Dita che scorrono sul corpo. Dita calde, affusolate, vellutate. Pelle liscia, al profumo di lime, leggermente oleosa. Un unguento biancastro, ciò che resta di un po' di crema, biologica, sul collo. Movimenti circolari per stenderla.

E dita carezzevoli, incedono piano sul seno piccolo e rotondo. Si inoltrano sul ventre piatto e sui fianchi dolcemente ammorbiditi. Qualche chilo in più. Un nuovo peso, una nuova storia.

Basso ventre, si intravede qualche ciuffo di peli scuri. Il pube, non depilato a perfezione, sigillato da minuscoli baffetti neri, il cancello naturale di ogni donna.

Cosce sode, gambe esili. Piedi da trentasette scarso. Braccia lunghe, unghie smaltate.

Cosa si mormorava dodici mesi fa? Che le mani non ordinate fossero l'anticamera di una vita di merda? Ho anche le sopracciglia di tutto punto e mascara abbondante. Ne ho comprato uno dopo averne selezionati una ventina. Le unghie, quindi, non sono più un lusso, semmai una consuetudine.

Non entra più nessuno in questo corpo. Nessuno che lo possegga, nessuno che vi goda dentro e fuori. Nessuno che lo esplori, lasciandoci su una cicatrice.

Il dolore è come l'oro, ha un peso e un prezzo.

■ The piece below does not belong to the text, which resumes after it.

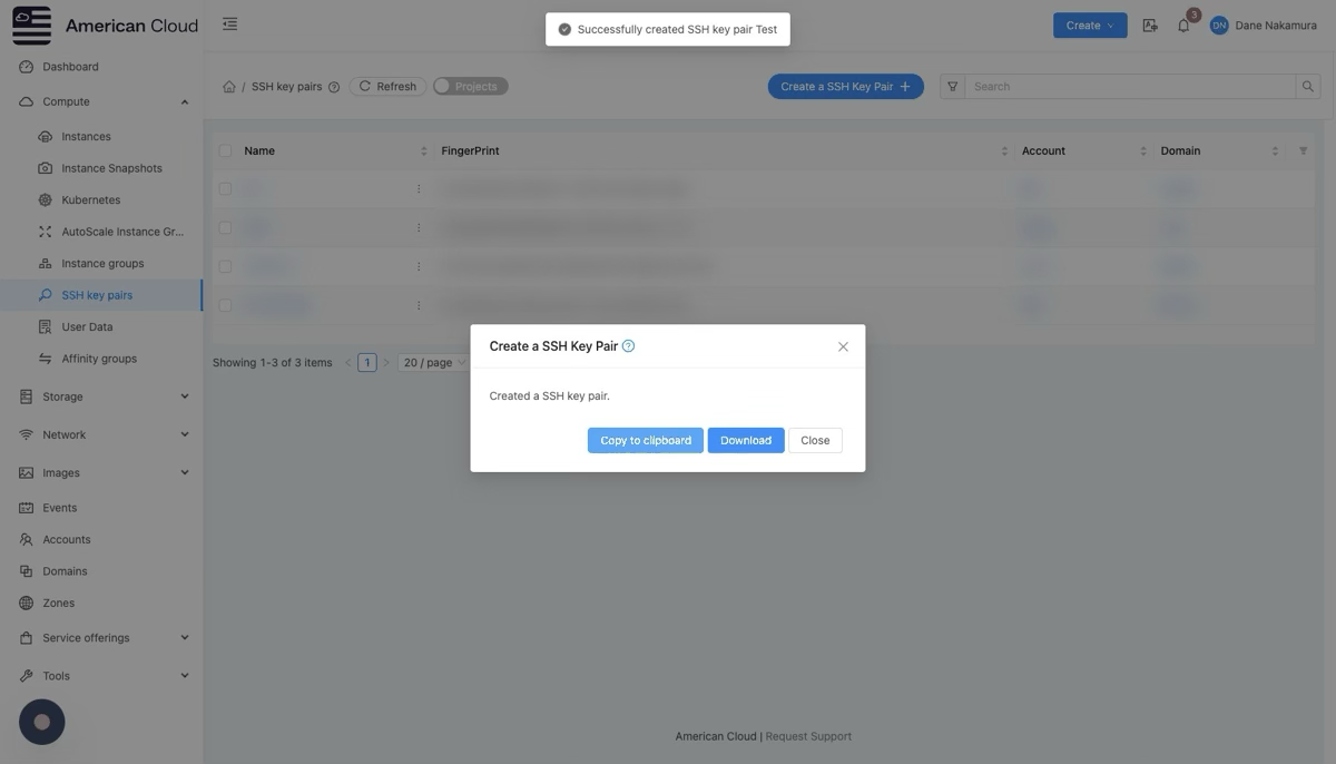 - Create a new keypair: ACE will generate a keypair and give you the private key.
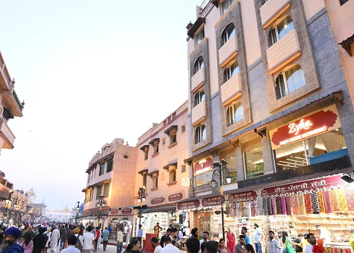 Offering currency exchange and a tour desk, Abode By Aliste Hotels- 2 Minutes Walking To Golden Temple, Amritsar is nestled just 5 minutes' walk from the prominent Dukh Bhanjani Ber Tree Sikh Gurdwara and 1.2 km from Khairuddin Mosque. Located 2.5 km from the monumental red stone Gandhi Gate, this 3-star hotel features 24 rooms with views of the city.

Il dolore si staglia nel cuore, in principio assume le sembianze di una lieve ferita. Che sarà mai? Un po' di acqua ossigenata e un cerotto per sanare tutto e via.

Ma il dolore è una crepa. Una scheggia che aumenta le sue dimensioni. Non c'è alcuna lama, alcun coltello. Nessun oggetto acuminato al quale imputare lo scatafascio. Nulla da impugnare e gettare altrove per evitare che tagli in profondità.

Come render noto prima di tutto a noi stessi che i sentimenti talvolta danno sollievo, altre supplizio?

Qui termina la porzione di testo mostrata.